• [TASK]: Copy each line of the records that holds the string "back".

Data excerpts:

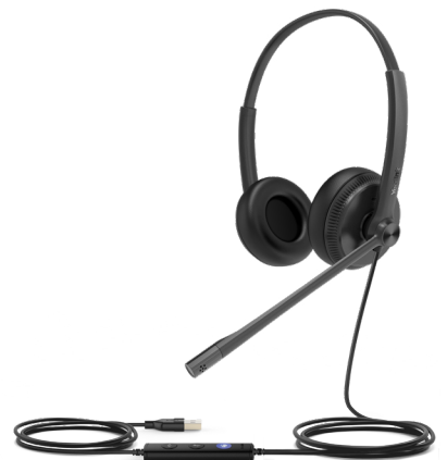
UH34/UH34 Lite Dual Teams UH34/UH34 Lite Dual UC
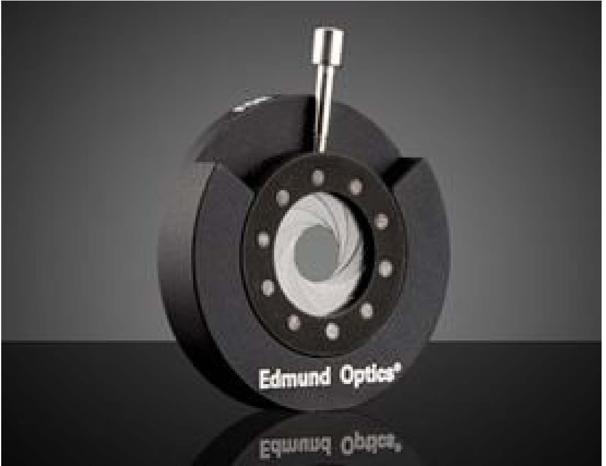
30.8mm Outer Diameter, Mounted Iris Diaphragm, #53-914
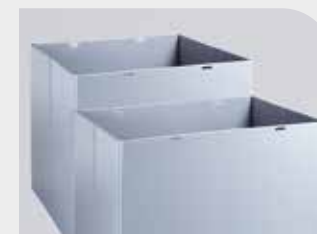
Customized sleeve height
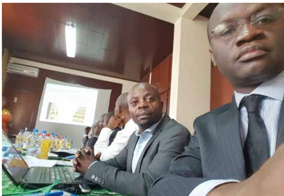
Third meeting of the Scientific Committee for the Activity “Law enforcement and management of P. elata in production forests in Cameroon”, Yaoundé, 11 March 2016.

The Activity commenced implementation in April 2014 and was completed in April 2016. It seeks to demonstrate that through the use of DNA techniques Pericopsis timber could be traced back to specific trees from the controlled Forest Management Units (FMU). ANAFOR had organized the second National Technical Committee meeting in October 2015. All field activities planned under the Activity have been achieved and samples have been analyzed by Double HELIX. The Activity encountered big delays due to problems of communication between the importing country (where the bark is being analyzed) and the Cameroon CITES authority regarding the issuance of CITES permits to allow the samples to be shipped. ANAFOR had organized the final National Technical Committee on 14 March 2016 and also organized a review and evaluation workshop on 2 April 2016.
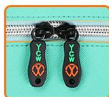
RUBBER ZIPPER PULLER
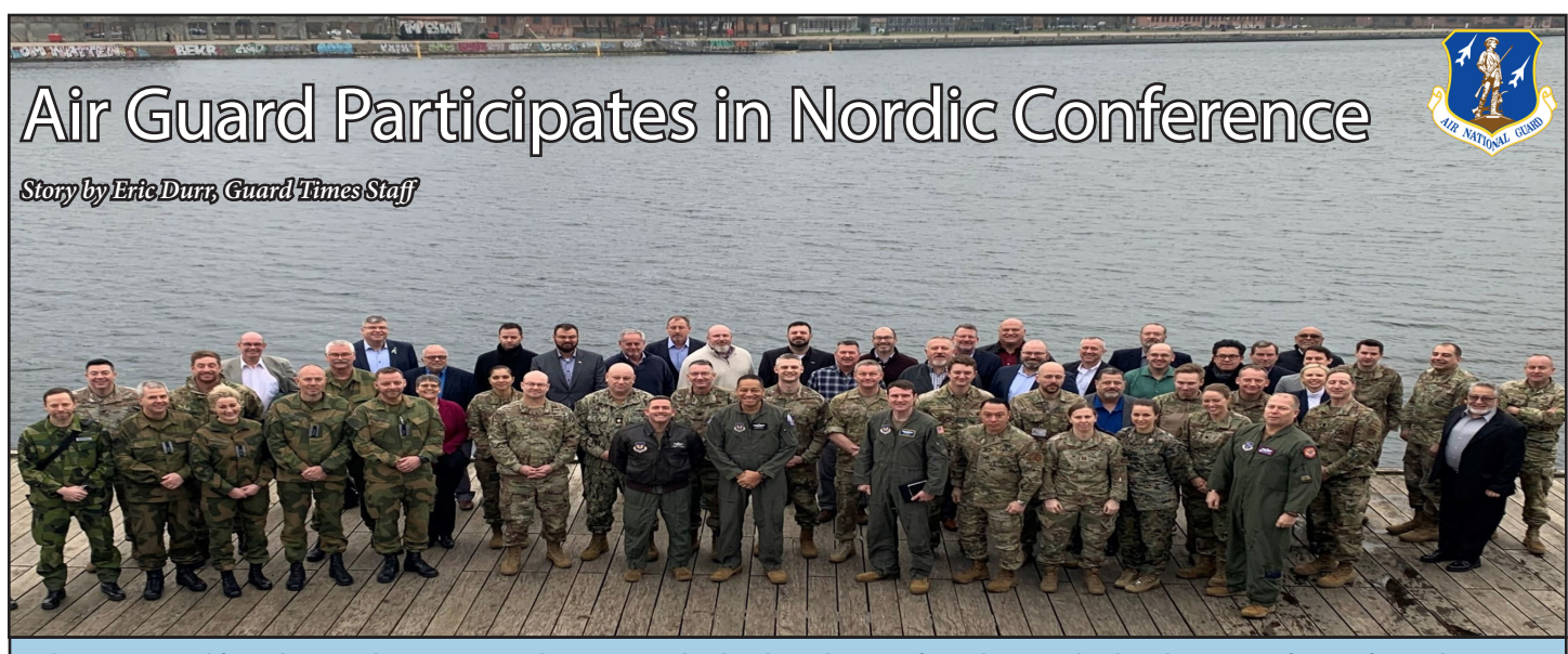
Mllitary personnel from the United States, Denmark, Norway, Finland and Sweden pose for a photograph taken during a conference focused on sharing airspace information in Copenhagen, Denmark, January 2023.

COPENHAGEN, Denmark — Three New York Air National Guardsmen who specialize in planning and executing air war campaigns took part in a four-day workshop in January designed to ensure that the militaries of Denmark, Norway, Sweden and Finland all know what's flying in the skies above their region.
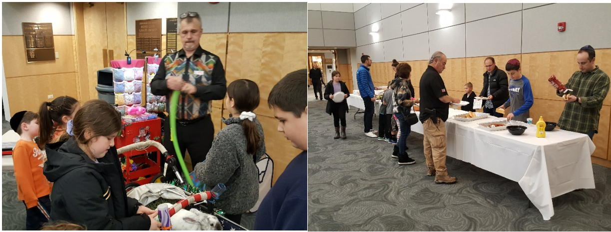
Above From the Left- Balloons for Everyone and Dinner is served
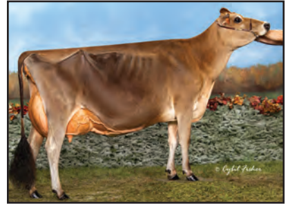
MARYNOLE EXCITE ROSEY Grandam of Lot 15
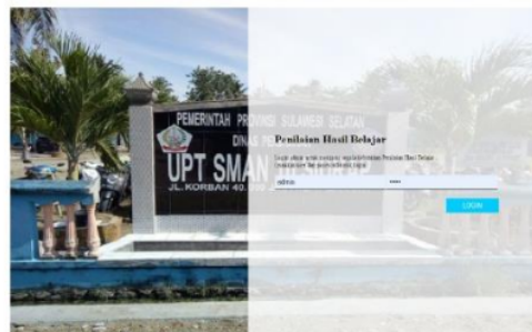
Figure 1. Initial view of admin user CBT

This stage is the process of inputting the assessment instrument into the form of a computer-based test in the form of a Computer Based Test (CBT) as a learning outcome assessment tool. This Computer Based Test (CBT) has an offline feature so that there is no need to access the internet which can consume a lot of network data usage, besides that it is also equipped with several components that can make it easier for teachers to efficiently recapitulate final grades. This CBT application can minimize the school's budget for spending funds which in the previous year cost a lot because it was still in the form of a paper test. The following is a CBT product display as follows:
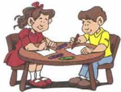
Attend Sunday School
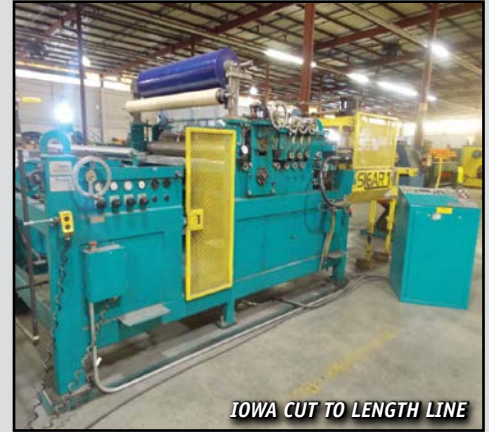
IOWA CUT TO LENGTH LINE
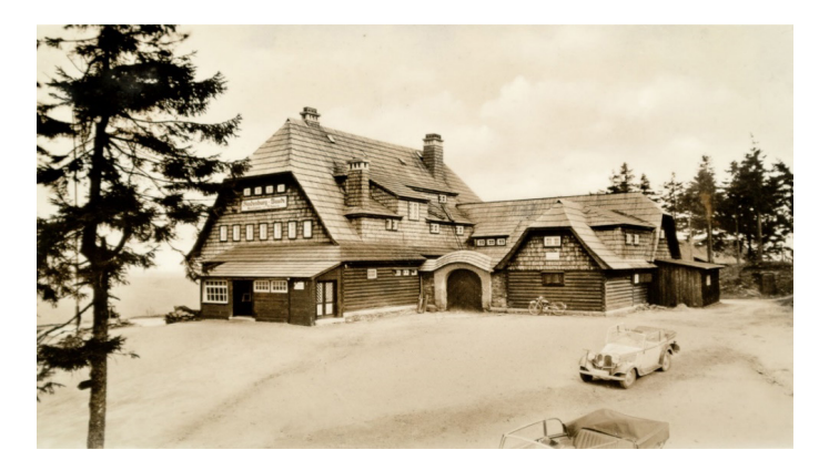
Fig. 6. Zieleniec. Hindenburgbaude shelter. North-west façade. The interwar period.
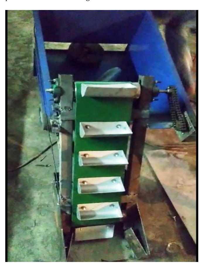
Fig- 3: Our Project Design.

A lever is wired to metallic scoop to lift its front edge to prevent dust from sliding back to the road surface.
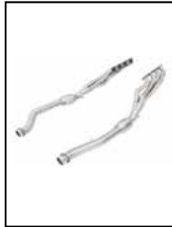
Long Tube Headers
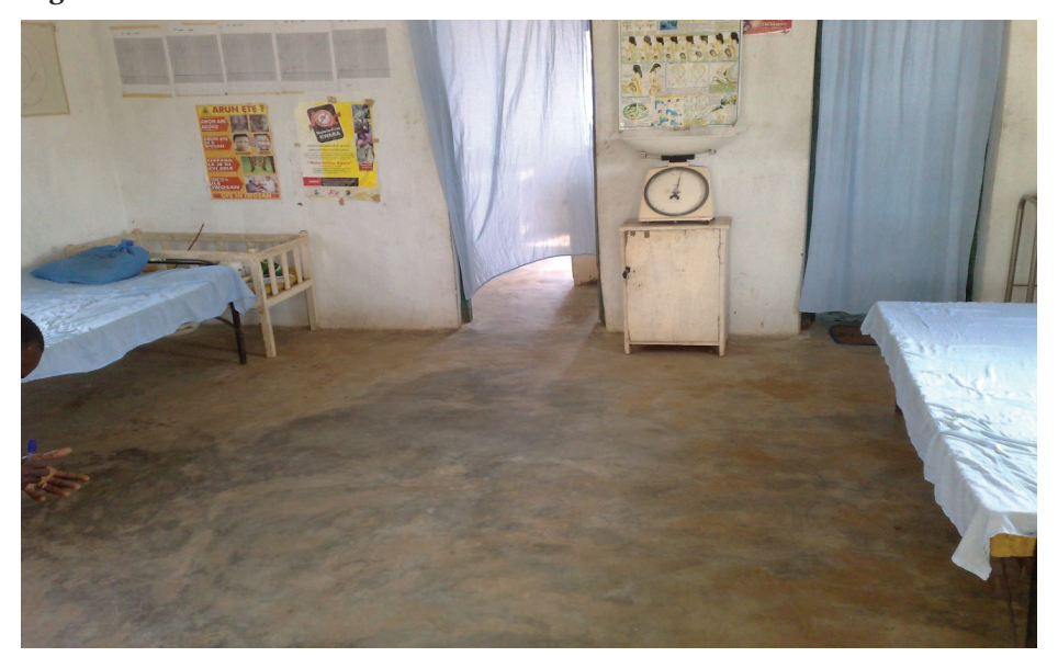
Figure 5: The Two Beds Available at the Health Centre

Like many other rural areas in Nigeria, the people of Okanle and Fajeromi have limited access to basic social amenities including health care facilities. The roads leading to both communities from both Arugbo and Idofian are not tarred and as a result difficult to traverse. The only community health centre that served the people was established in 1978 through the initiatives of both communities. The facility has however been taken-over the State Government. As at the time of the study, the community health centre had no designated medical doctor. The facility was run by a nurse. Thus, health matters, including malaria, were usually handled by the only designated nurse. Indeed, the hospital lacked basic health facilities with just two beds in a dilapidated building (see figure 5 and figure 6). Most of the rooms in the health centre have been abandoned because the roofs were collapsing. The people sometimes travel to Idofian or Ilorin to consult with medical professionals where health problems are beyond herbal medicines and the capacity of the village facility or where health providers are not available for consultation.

• [SOLUTION TO THIS TASK]:
The Activity commenced implementation in April 2014 and was completed in April 2016. It seeks to demonstrate that through the use of DNA techniques Pericopsis timber could be traced back to specific trees from the controlled Forest Management Units (FMU). ANAFOR had organized the second National Technical Committee meeting in October 2015. All field activities planned under the Activity have been achieved and samples have been analyzed by Double HELIX. The Activity encountered big delays due to problems of communication between the importing country (where the bark is being analyzed) and the Cameroon CITES authority regarding the issuance of CITES permits to allow the samples to be shipped. ANAFOR had organized the final National Technical Committee on 14 March 2016 and also organized a review and evaluation workshop on 2 April 2016.
A lever is wired to metallic scoop to lift its front edge to prevent dust from sliding back to the road surface.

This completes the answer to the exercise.